Иными словами, те авторы, которые имеют сейчас от двадцати до тридцати лет, должны были складываться и музыкально воспитываться как раз в годы Гражданской войны и самые тяжкие годы советской жизни. Более того — к этому сроку надо присчитать еще лет пять-шесть, потому что и годы мировой войны не были благоприятны для музыкального мирного образования. И действительно, мы видим, что в «урожае» композиторов имеется перерыв, особенно заметный в зарубежье: композиторы почти все старше сорока лет, и очень мало, почти нет настоящей молодежи — это поколение музыкантов почти начисто разрушено политическими событиями. Она не успела получить музыкальное образование, для композитора более специальное и необходимое, чем для поэта и писателя. Тут, конечно, сказались многочисленные причины: и необеспеченность родителей, и дороговизна музыкального образования, непрактичность самой карьеры композитора, и, наконец, тот простой расчет, что композиторы рождаются редко даже среди музыкантов, что в России довоенной, «у себя дома», и при полном спокойствии и 125-миллионном населении рождалось примерно по композитору в год. Пропорционально зарубежье должно было иметь по этому расчету за двадцать лет около 0,02 композитора. На самом деле положение лучше теоретического: мы имеем двух или трех. Но опять-таки, при такой малой продукции разве возможно ожидать от всего этого немногочисленного композиторского населения какой-то особенной, «руководящей» гениальности? Годы политических и военных потрясений никогда не бывают годами урожая на композиторов (вспомним пустоту, которая создалась в музыкальном мире в Европе в эпоху 1775–1800 годов, когда не родилось ни одного значительного композитора)…
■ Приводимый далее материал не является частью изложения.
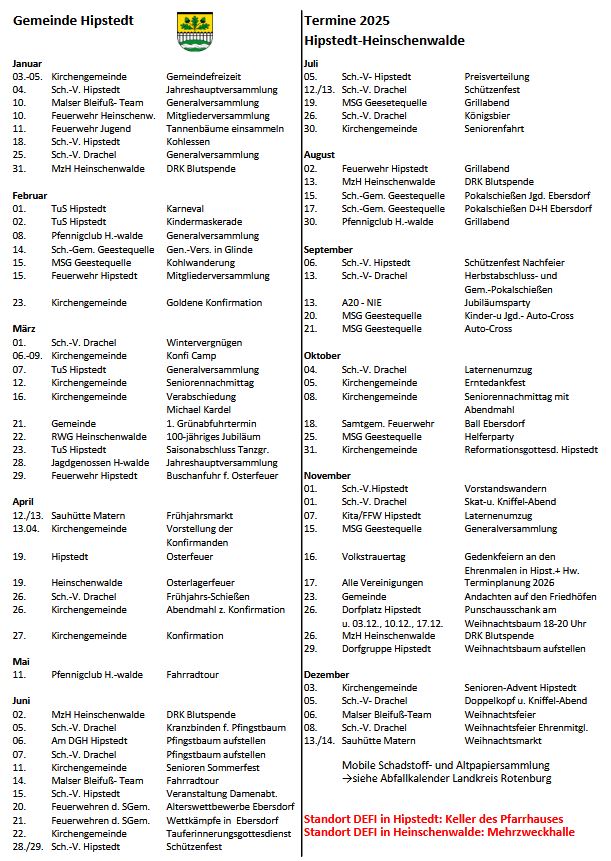 Gemeinsam mit der Freiwilligen Feuerwehr Hipstedt und dem Schützenverein tragen wir aktiv zum Gemeinschaftsleben in Hipstedt bei.

Самое утешительное, что они все-таки, несмотря ни на какие отрицательные соображения, имеются и пишут. Спору нет — это не дарования из типа делающих эпохи и руководящих — это честные художественные работники, работающие по мере сил в усвоенных ими направлениях и культурная функция которых — поддерживать то горение музыкального творчества, без которого наступил бы перерыв в музыкальной культуре. На большее вряд ли многие из них и претендуют сами. Положительным феноменом в их бытии за рубежом является и то обстоятельство, что все-таки многие из них так или иначе котируются на мировой европейской бирже, исполняются, иногда и издаются — и тем поддерживают идею о неразрывности русской и европейской музыкальных культур.
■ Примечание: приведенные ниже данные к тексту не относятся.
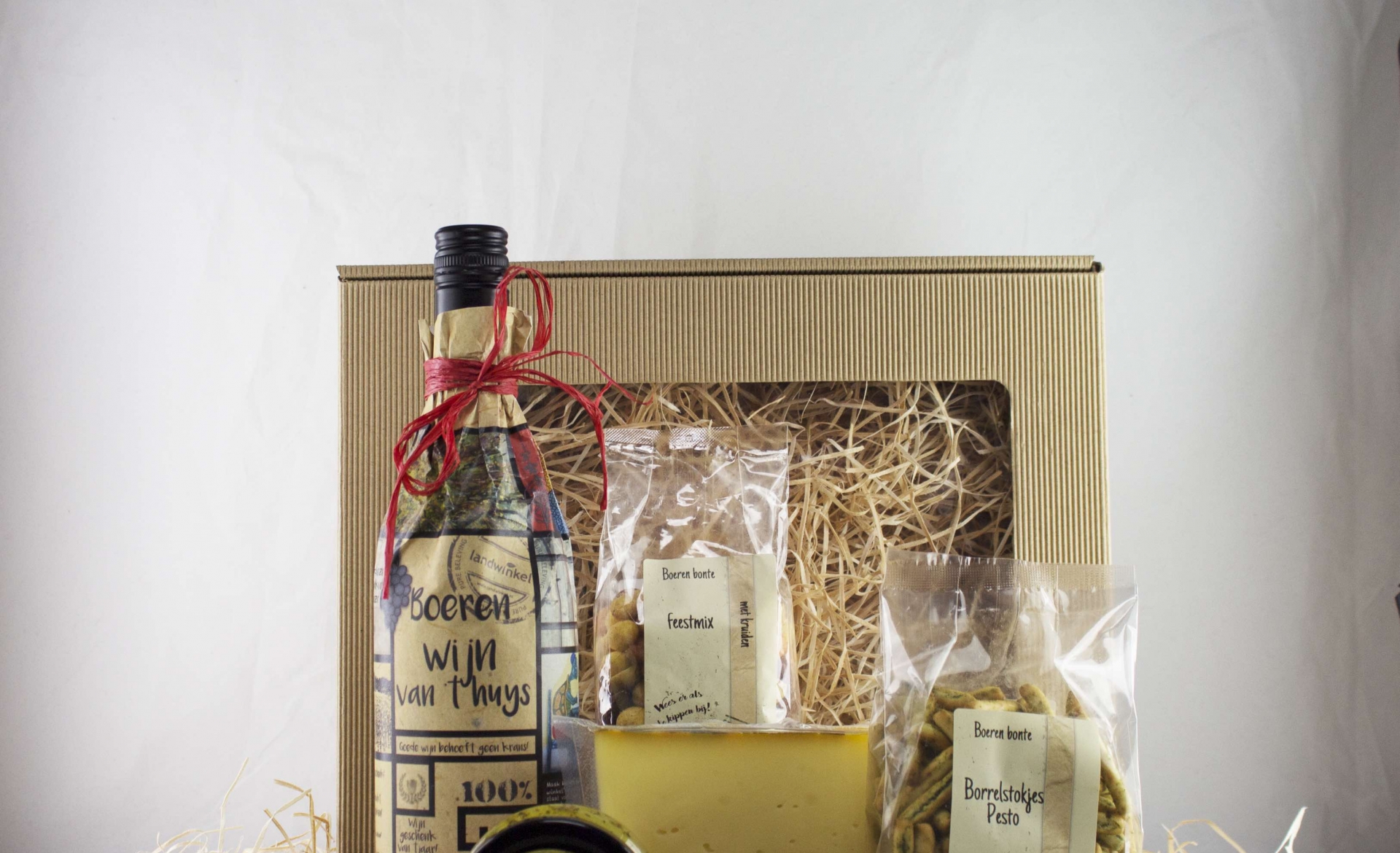 Delicatessenbox Boer Tom van onze Landwinkels kenmerkt zich door de fraaie fles kwaliteitswijn gehuld in een unieke verpakking. Drink hem met een stukje boerenkaas en worst. En heeft u onze smaakvolle ambachtelijke mosterd-dille dip al geproefd? Dat is smullen!

Но все-таки положение их тяжело. Причина этой тяжести и этой, если угодно, шаткости и неопределенности заключается в самой «метеорологии» современной музыки. Музыка в последние годы (с 1910 года) переживает период исканий (как их называют друзья) или блужданий (как говорят враги) — во всяком случае, достижениями их мало кто считает. Сущность этих исканий аналогична тем, которые царили еще недавно в поэзии и в живописи — это конструктивный теоретизм, который стал направлять творчество. Музыка всегда несколько отстает в своих «модах» от иных искусств, и кубизм, уже сданный в архив в живописи, пока еще не сдал своих позиций в современной музыке, хотя уже сильно поблек и стушевался. Не породив, в сущности, ничего великого, музыкальный «конструктивизм» имел то неизгладимое влияние, что после него стало невозможно писать музыку в прежней манере, но одновременно и сам этот стиль надоел и опротивел до крайности. Получилась творческая пустота. Натуральный музыкальный мир, «широкая публика», мстит этому периоду музыкального обнищания тем, что как бы молчаливо признает музыку окончившейся лет двадцать-двадцать пять тому назад. Программы живых концертов наполняют ныне классики, великие романтики — и, может быть, еще прежние русские авторы. Остальных не играют. Ими интересуются в момент их появления, чтобы потом забыть навсегда.
Зарубежный русский автор должен был поставить себя в какое-то отношение к этим течениям — или отвергая их, или принимая. Старшее поколение авторов, естественно, оказалось не приемлющим этого рода новизны. Среднее, к которому относятся руководящие фигуры зарубежного горизонта, оказалось разбитым на две отчужденные взаимно секции.
Одна примкнула к самому передовому направлению музыкальной мысли или, точнее, создала это самое направление. Это были Стравинский и С. Прокофьев. Я не буду сейчас писать о Прокофьеве, так как он выпадает из нашего рассмотрения по чисто формальным причинам — ныне он советский автор и в качестве такового был нами в свое время рассмотрен (см. «Совр. зап.», кн. 57). Стравинский же по своей значительности заслуживал бы более подробного рассмотрения, чем то, которое возможно в настоящем по необходимости сжатом очерке. Но о нем все-таки необходимо сказать несколько слов.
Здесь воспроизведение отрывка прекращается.